Use Case Utilities
Rebuilding the quotation process
Our client in France, is a real estate investor with numerous construction projects. For each construction site, they issue calls for various artisans or construction providers. Each artisan or construction provider submits a quotation (devis) for specific work.
The client aims to extract information from the different quotations provided by various artisans and construction providers. They want to build a structured database based on a unique reference file. This will enable them to conduct precise and rapid analyses of prices and expedite the selection process for the final artisan or construction provider.
Challenges
Extracting structured data from various quotations is challenging due to inconsistencies in format, terminology, and document structure. Standardizing this process is crucial for accurate price analysis and efficient provider selection.

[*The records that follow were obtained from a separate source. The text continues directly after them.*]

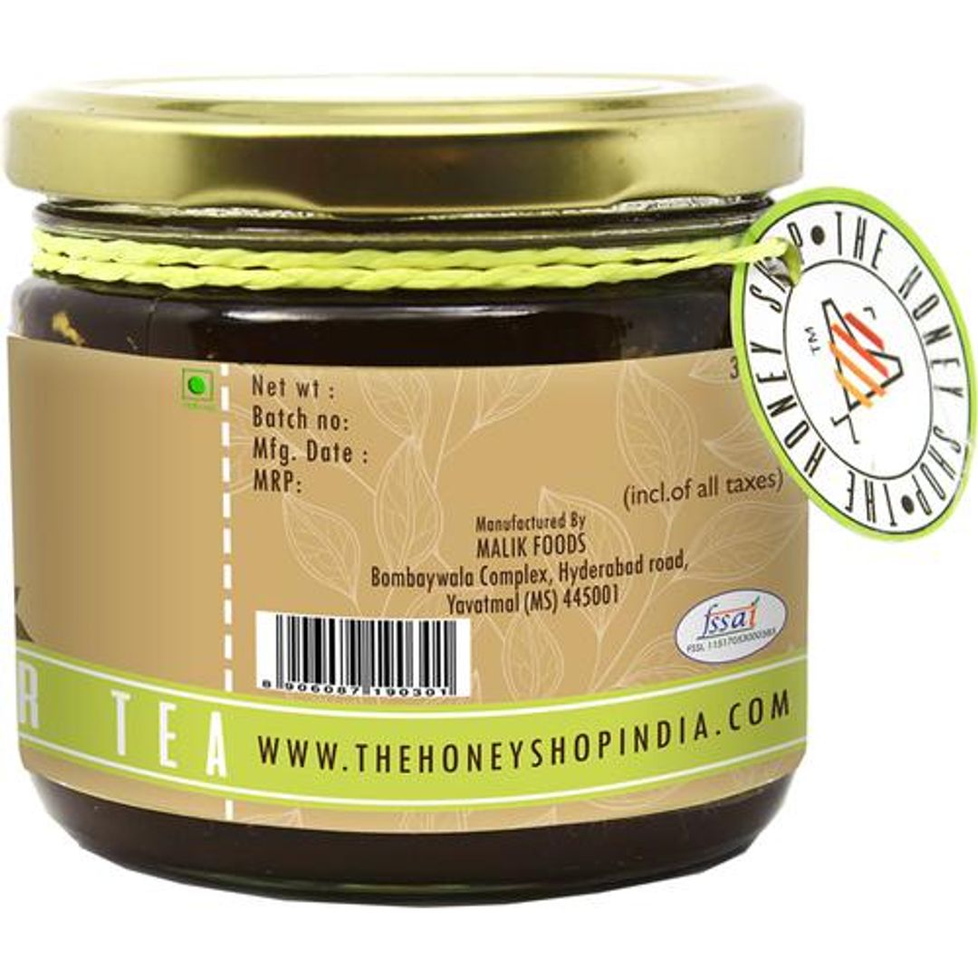 Honey, Ginger, and Ginger Extract Liquid Glucose, Thickening Agent (E440), Acidity Regulator (E330), Tea Leaves Extract & Preservatives (E211).
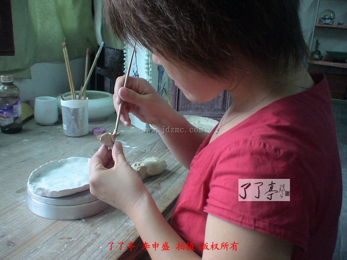 主讲人:王章清 高级工艺美术师,1972年出生于景德镇,毕业于江西省轻工业学院,在刘远长的工作室从事陶瓷创作工作。多年来,蒙承刘远长大师的悉心指点,使她的瓷雕作品无论是在工艺性上还是艺术性上都有了长足的进步。 近年来,有: “田园风情”、 “梦想成真”、“凌方”捏雕花盘及花饰系列均受到广泛赞誉。199了年11月,她参加了上海首届现代陶艺博览会的陶瓷文化交流,2001年11月应邀在上海全国商品交易会上进行景德镇陶瓷提雕的现场表演。2002年元月与陶院教授联合创作大型瓷雕壁画“百鸟朝凤”。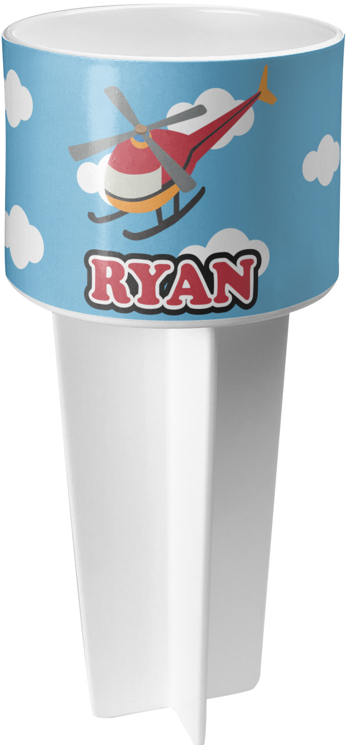 This cup holder has a large stake at its bottom that anchors it to the sand or ground below, while the cup holder rests above the stake. The entire drink holder is made of durable plastic and displays your customization around the cup holder portion. We sell these personalized beach spikers in two different colors: black and white.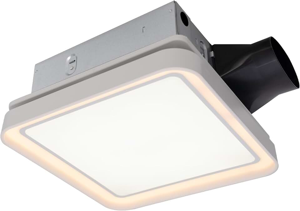 Akicon Bathroom Exhaust Fan with Light, 50-80-100 CFM DC Motor, 1.2 Sones Bathroom Vent Fan, 3CCT LED Light 2700K/4000K/5500K with 7W Night Light Quiet Energy Saving Bathroom Ceiling Fan, White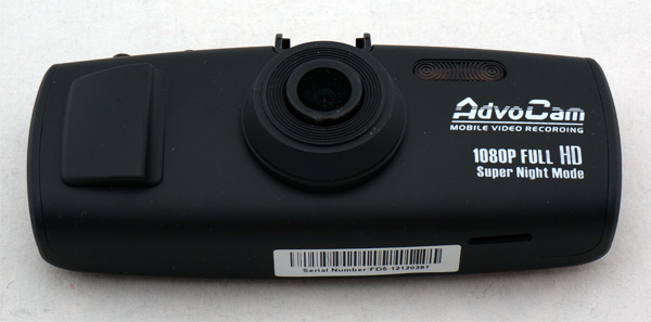 На лицевой части располагаются объектив, лампа LED-подсветки, пластиковый выступ, помогающий держать корпус регистратора в руке.
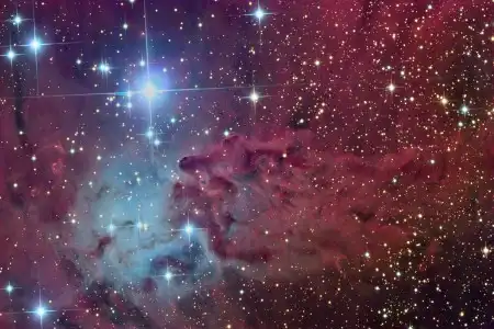 Галактика СомбрероВзрыв сверхновой звезды в соседней галактикеТуманность Лисий МехВ туманности, окружающей яркую звезду S Mon, много темной пыли и светящегося газа. Возникновение туманности с такой странной формой объясняется взаимодействием мелкой межзвездной пыли с интенсивным излучением и горячим газом, истекающим из молодых звезд. Область, расположенная на рисунке ниже самой яркой звезды - S Mon - за ее цвет и структуру получила называние туманность Лисий Мех. Голубое свечение вокруг S Mon возникает в результате отражения света яркой звезды окружающей пылью. Более размытое красное свечение - это излучение, возникающее при ионизации водорода звездным светом. Розовые области - результат действия обоих процессов. S Mon является членом молодого рассеянного звездного скопления NGC 2264, расположенного примерно в 2500 световых годах от нас в созвездии Единорог, к северу от туманности Конус.

Lack of a Standardized Dictionary
The client and artisans do not have a standard dictionary of items, making it challenging to find matches between the client’s reference and the proposed quotations (devis) from the artisans.
Unstructured PDF Formats
The PDF quotations are in scanned format, with many tables and cells merged together in an unstructured manner.
Undefined Sub-Item Structure
The list of sub-items for each reference is not predefined.
Solution
Utilize Tesseract to perform OCR on scanned PDF documents, converting them into readable text.
Text Processing: Process the retrieved text data with LangChain Text Loader.
Enrich the reference documents with additional data through prompt engineering.
Pass the enriched reference queries and the processed quotations to the Retrieval-Augmented Generation (RAG) system.
Apply business logic to the returned responses for final processing.
Tech stack
Results
The pipeline has been working as expected. The results are split into two groups :
100%
Successfully retrieved items
Partly
Correctly retrieved items, with some expected items missing and some unnecessary items added.